Information provided
======
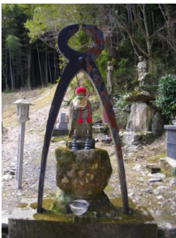
Kugi-nuki Jizō : bodhisatva Jizō (Kṣitigarbha) « qui ôte les clous » (du karma et de la maladie) à la station n°20 (Kakurin-ji) du circuit de pèlerinage de Sasaguri, statue offerte par un pèlerin en 1932.

Au Japon comme ailleurs, l'espace de pèlerinage est géré par une ou plusieurs institutions religieuses et économiques qui ont la main mise sur le circuit et autorité sur la manière de faire le pèlerinage et d'y accéder : temples bouddhiques, assemblées de responsables d'oratoires, ou encore, confréries locales vont accueillir les pèlerins, baliser leur parcours et faire observer une certaine orthopraxie. Ils décident qui peut prétendre à l'appellation de « pèlerin » et entrer sur certains espaces, contrôlent et gèrent le dépôt d'objets (cartes de pèlerins, plaquettes, copies de sūtra, statues et autres objets religieux) dans les lieux de culte. Malgré tout, ces prescriptions ne sont pas suivies par tous. L'espace culturel fait l'objet de tensions et de négociations constantes entre acteurs religieux institutionnels, laïcs (hôteliers, commerçants, confréries) et fidèles/pèlerins venus de l'extérieur. Comment les acteurs du pèlerinage, religieux et institutionnels, négocient-ils avec les visiteurs qui font vivre le circuit ?
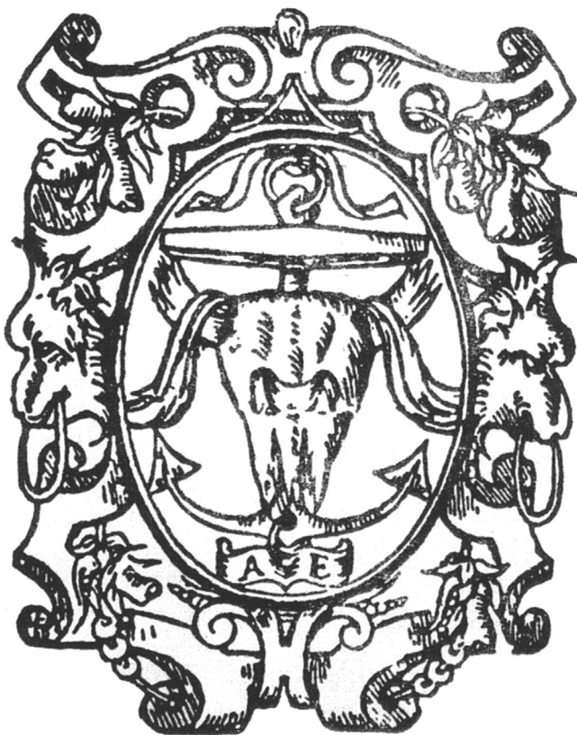
Figura 1 Primera marca tipográfica en la Nueva España por Antonio de Espinosa (1566).

Otra serie de viñetas se refiere a las marcas tipográficas de impresores antiguos desde Giovanni Angelo Scinzezeler (Milán, 1505) a Paolo Manuzio (Venecia, 1555), los hermanos Froben de Basilea (primera mitad del siglo xvi) y Michael Sonnino (París, 1580). Entre estas viñetas figura la primera marca tipográfica (fig. 1) introducida en la Nueva España por el español Antonio de Espinosa, antiguo colaborador del impresor italiano Juan Pablos (Giovanni Paoli), en 1566. Asimismo está la marca tipográfica de Ludwing Elzevirius o Elzevier (Leiden, 1595) (fig. 2), uno de los fundadores de la Casa Elzevier, todavía activa y próspera en nuestros días. Parece justo mencionar asimismo el colofón de la Rethorica Christiana del tlaxcalteca fray Diego Valadés OFM, primer libro de un autor americano impreso en Europa, específicamente en la ciudad italiana de Perusa, el año 1579.
======
Leaving out each picture, repeat exactly the lines above from the one that contains "Au Japon comme" through the one that contains "Figura 1 Primera".

Exercise output
Au Japon comme ailleurs, l'espace de pèlerinage est géré par une ou plusieurs institutions religieuses et économiques qui ont la main mise sur le circuit et autorité sur la manière de faire le pèlerinage et d'y accéder : temples bouddhiques, assemblées de responsables d'oratoires, ou encore, confréries locales vont accueillir les pèlerins, baliser leur parcours et faire observer une certaine orthopraxie. Ils décident qui peut prétendre à l'appellation de « pèlerin » et entrer sur certains espaces, contrôlent et gèrent le dépôt d'objets (cartes de pèlerins, plaquettes, copies de sūtra, statues et autres objets religieux) dans les lieux de culte. Malgré tout, ces prescriptions ne sont pas suivies par tous. L'espace culturel fait l'objet de tensions et de négociations constantes entre acteurs religieux institutionnels, laïcs (hôteliers, commerçants, confréries) et fidèles/pèlerins venus de l'extérieur. Comment les acteurs du pèlerinage, religieux et institutionnels, négocient-ils avec les visiteurs qui font vivre le circuit ?
Figura 1 Primera marca tipográfica en la Nueva España por Antonio de Espinosa (1566).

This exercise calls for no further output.